## TASK TO CARRY OUT
From the line containing "Набор отверток ювелирных" to the last line of the data, both included, transcribe each line exactly, leaving out pictures and adding nothing.

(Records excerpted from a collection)
━━━━━━
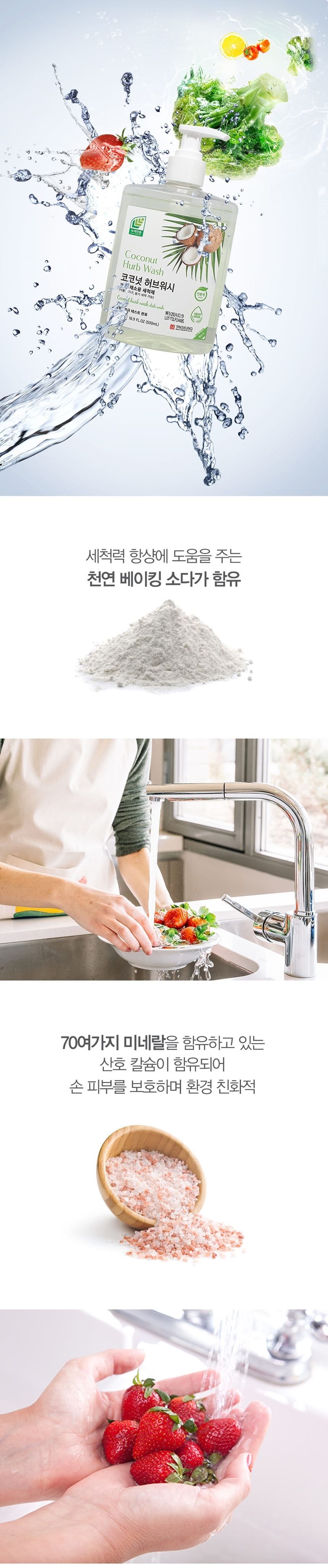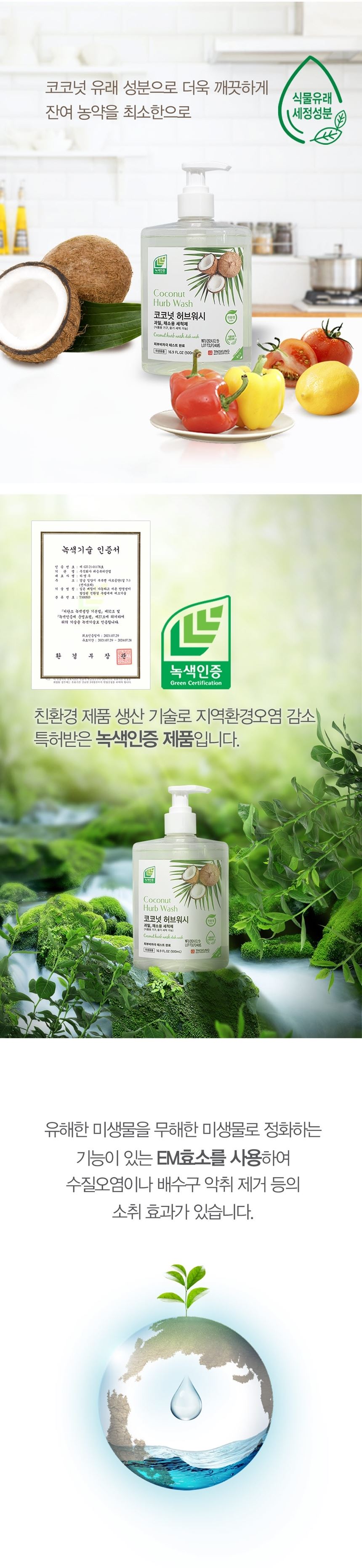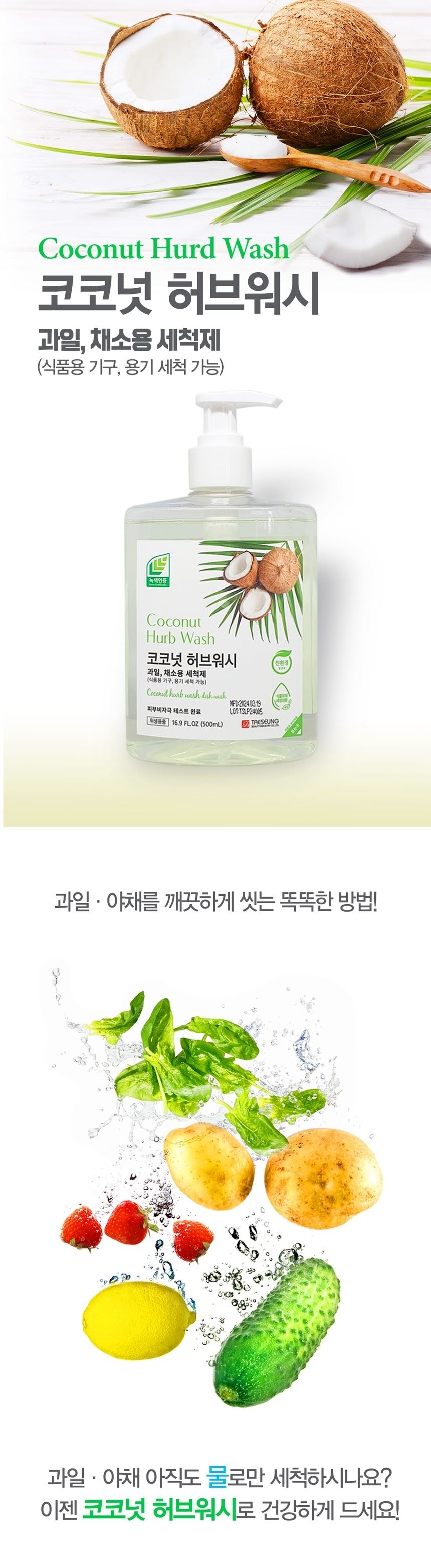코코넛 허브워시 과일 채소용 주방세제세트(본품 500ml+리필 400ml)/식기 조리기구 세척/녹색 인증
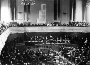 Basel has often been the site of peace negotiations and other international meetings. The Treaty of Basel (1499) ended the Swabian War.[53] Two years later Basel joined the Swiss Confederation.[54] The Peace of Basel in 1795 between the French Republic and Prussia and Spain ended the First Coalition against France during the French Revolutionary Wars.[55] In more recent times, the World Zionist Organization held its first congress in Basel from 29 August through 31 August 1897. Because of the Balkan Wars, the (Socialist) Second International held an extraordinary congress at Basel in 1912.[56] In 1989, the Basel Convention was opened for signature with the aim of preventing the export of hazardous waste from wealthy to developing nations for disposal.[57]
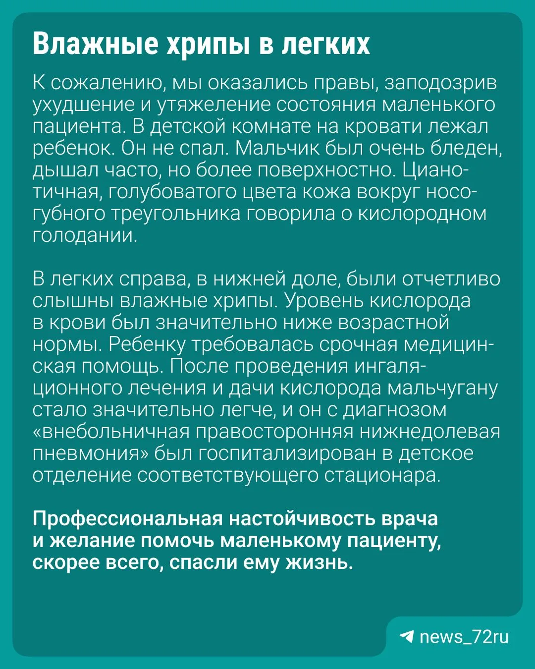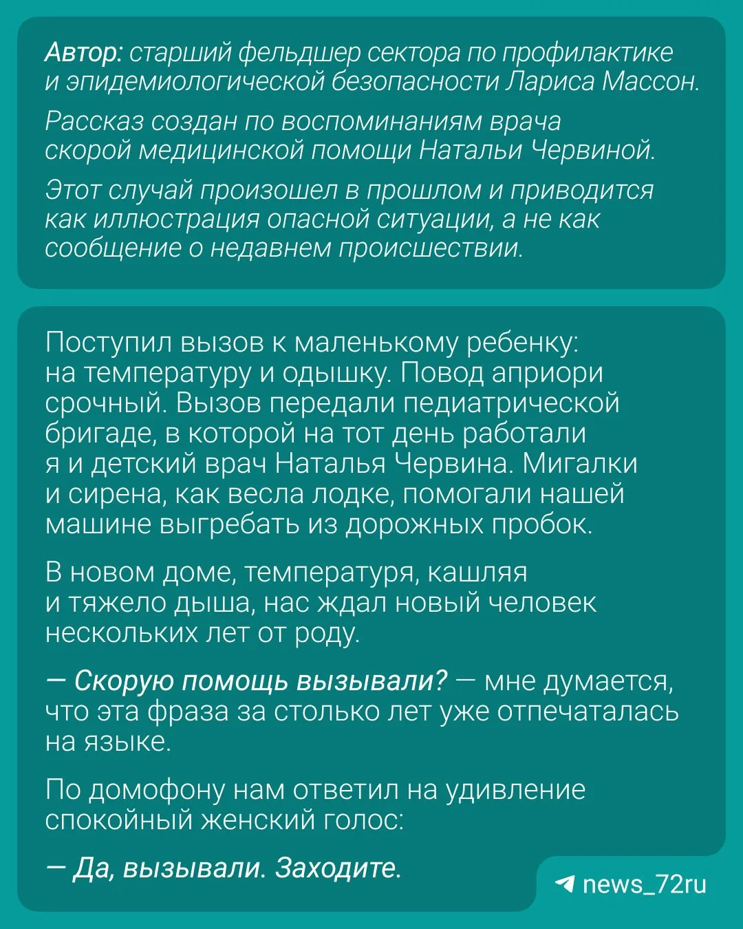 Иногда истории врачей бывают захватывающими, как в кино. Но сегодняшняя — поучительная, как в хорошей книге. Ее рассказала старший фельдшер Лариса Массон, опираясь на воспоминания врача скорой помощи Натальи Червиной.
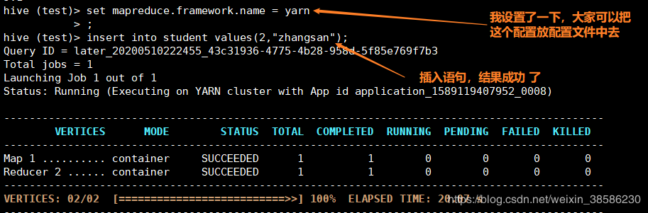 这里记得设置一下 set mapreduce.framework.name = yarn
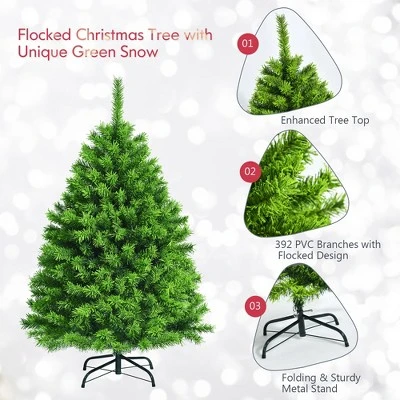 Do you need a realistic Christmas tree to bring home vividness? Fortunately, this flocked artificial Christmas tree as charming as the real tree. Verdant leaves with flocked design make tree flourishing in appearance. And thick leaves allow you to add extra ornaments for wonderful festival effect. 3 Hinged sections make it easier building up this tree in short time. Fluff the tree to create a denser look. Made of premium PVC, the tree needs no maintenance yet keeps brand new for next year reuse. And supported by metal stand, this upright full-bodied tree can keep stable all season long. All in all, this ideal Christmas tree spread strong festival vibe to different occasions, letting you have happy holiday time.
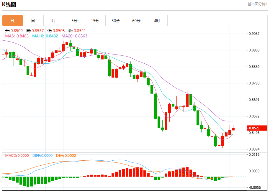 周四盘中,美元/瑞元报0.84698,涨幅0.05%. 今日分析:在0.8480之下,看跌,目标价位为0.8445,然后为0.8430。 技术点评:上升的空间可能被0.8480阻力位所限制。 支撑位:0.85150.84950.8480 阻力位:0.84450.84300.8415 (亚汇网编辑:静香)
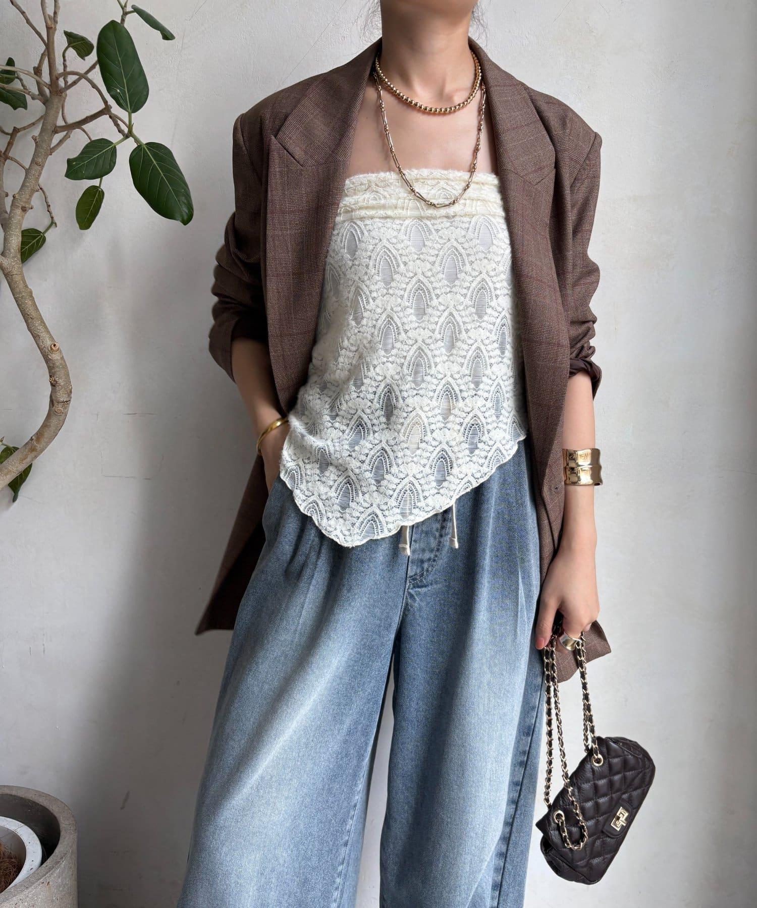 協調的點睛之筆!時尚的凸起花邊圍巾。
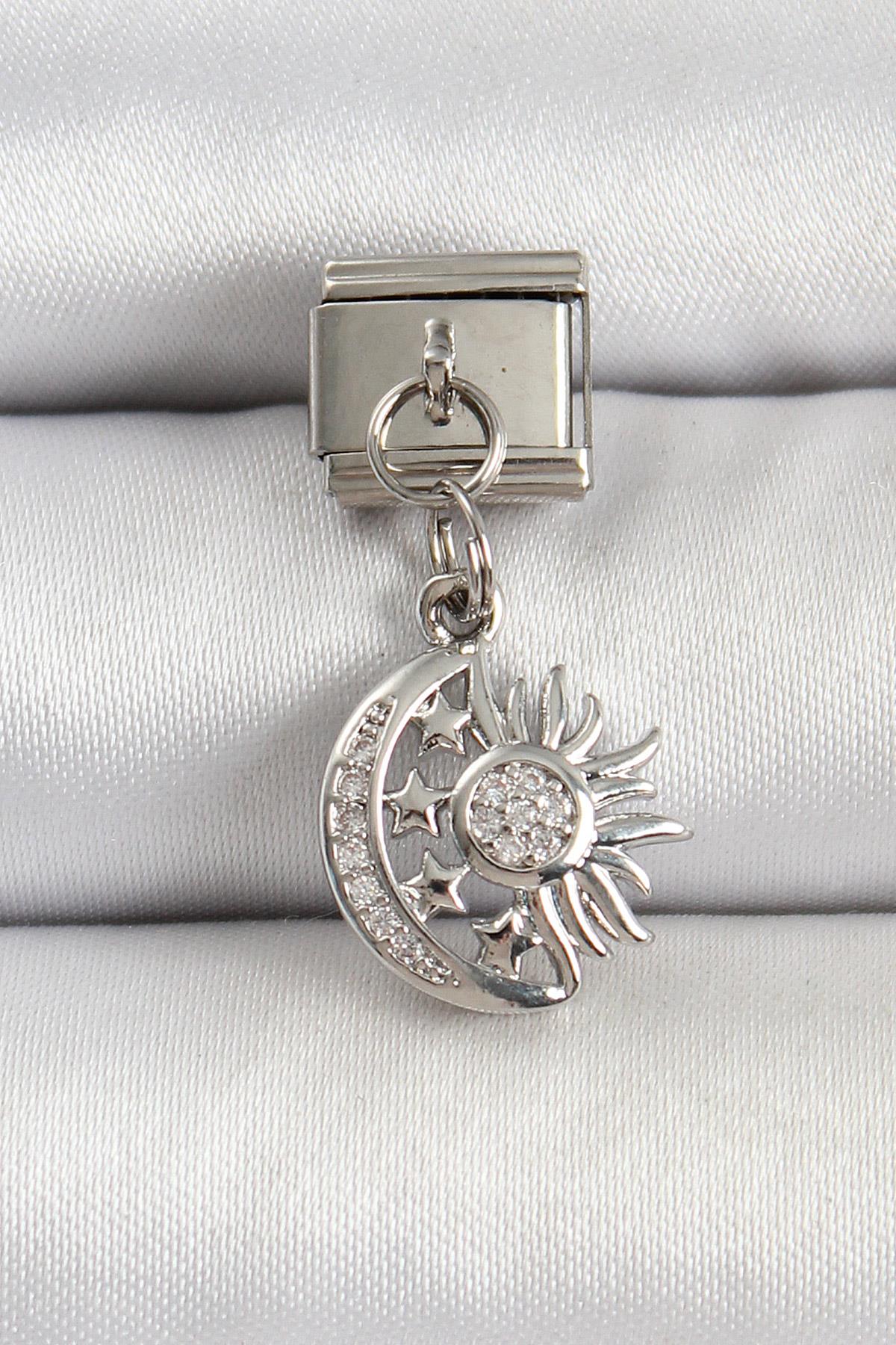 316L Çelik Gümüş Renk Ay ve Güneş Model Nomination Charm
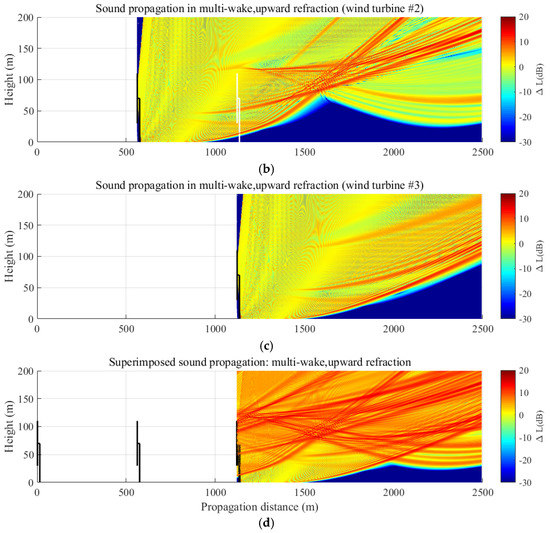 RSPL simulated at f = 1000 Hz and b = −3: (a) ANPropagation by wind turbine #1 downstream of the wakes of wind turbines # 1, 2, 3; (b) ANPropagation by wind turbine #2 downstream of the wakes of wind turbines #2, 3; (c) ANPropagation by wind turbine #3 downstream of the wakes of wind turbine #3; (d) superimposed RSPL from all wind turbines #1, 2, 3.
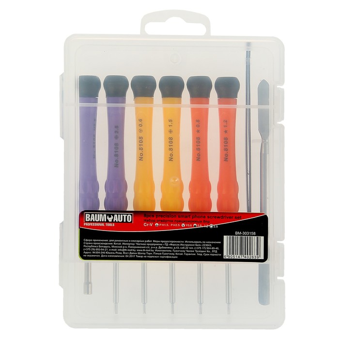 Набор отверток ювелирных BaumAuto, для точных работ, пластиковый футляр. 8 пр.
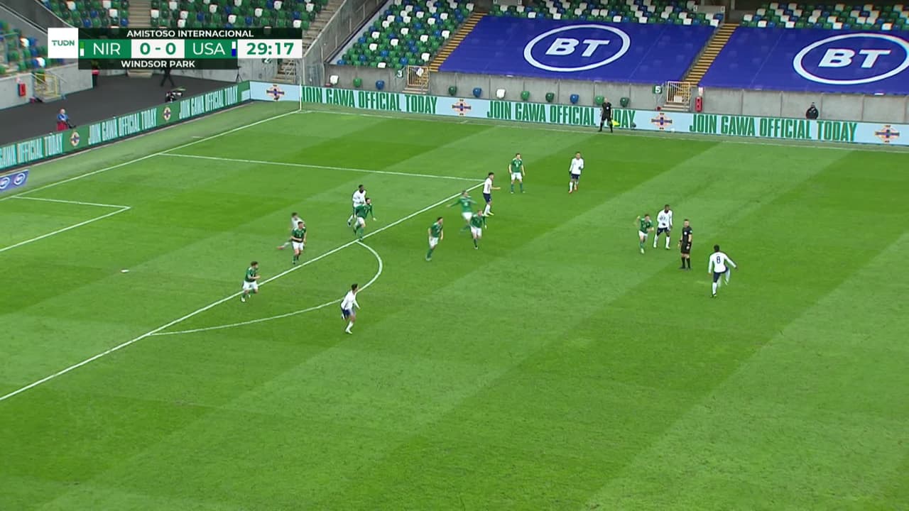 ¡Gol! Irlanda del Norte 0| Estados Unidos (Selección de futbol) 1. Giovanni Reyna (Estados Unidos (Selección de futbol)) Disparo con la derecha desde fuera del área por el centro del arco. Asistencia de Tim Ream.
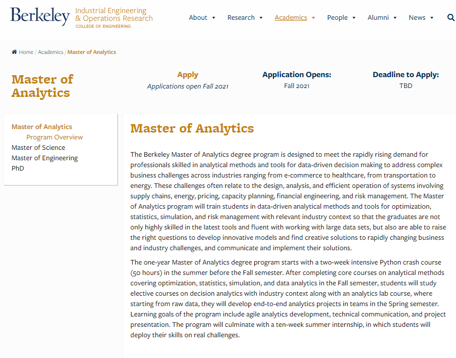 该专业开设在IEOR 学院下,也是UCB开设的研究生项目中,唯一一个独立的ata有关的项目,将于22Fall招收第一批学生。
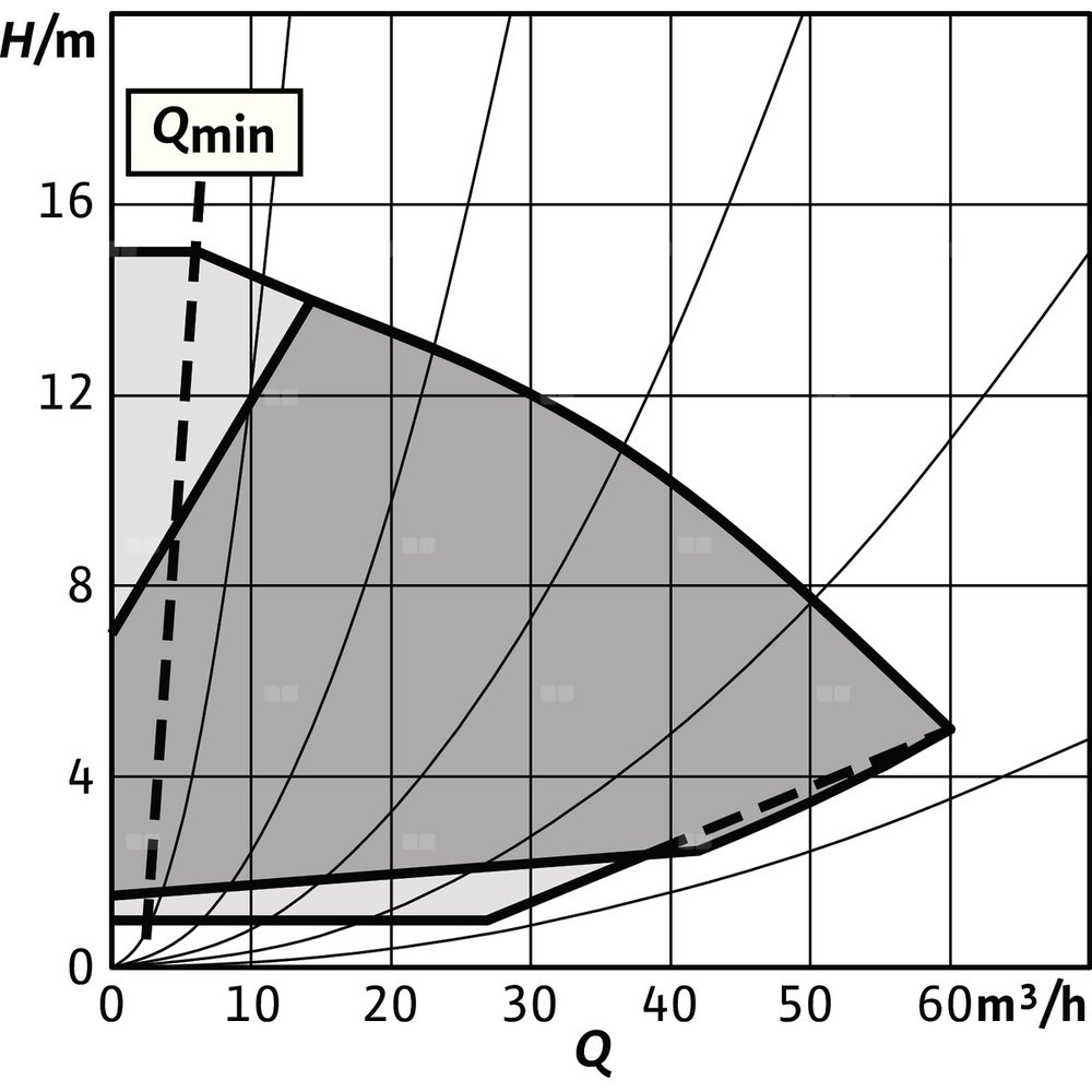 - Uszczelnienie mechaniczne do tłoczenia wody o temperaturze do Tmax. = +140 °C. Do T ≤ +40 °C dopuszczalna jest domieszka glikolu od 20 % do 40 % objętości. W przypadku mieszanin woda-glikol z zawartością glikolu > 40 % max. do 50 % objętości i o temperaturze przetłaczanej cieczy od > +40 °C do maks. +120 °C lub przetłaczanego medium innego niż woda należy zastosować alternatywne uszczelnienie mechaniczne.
━━━━━━
## RESPONSE TO THE TASK
 Набор отверток ювелирных BaumAuto, для точных работ, пластиковый футляр. 8 пр.
 ¡Gol! Irlanda del Norte 0| Estados Unidos (Selección de futbol) 1. Giovanni Reyna (Estados Unidos (Selección de futbol)) Disparo con la derecha desde fuera del área por el centro del arco. Asistencia de Tim Ream.
 该专业开设在IEOR 学院下,也是UCB开设的研究生项目中,唯一一个独立的ata有关的项目,将于22Fall招收第一批学生。
 - Uszczelnienie mechaniczne do tłoczenia wody o temperaturze do Tmax. = +140 °C. Do T ≤ +40 °C dopuszczalna jest domieszka glikolu od 20 % do 40 % objętości. W przypadku mieszanin woda-glikol z zawartością glikolu > 40 % max. do 50 % objętości i o temperaturze przetłaczanej cieczy od > +40 °C do maks. +120 °C lub przetłaczanego medium innego niż woda należy zastosować alternatywne uszczelnienie mechaniczne.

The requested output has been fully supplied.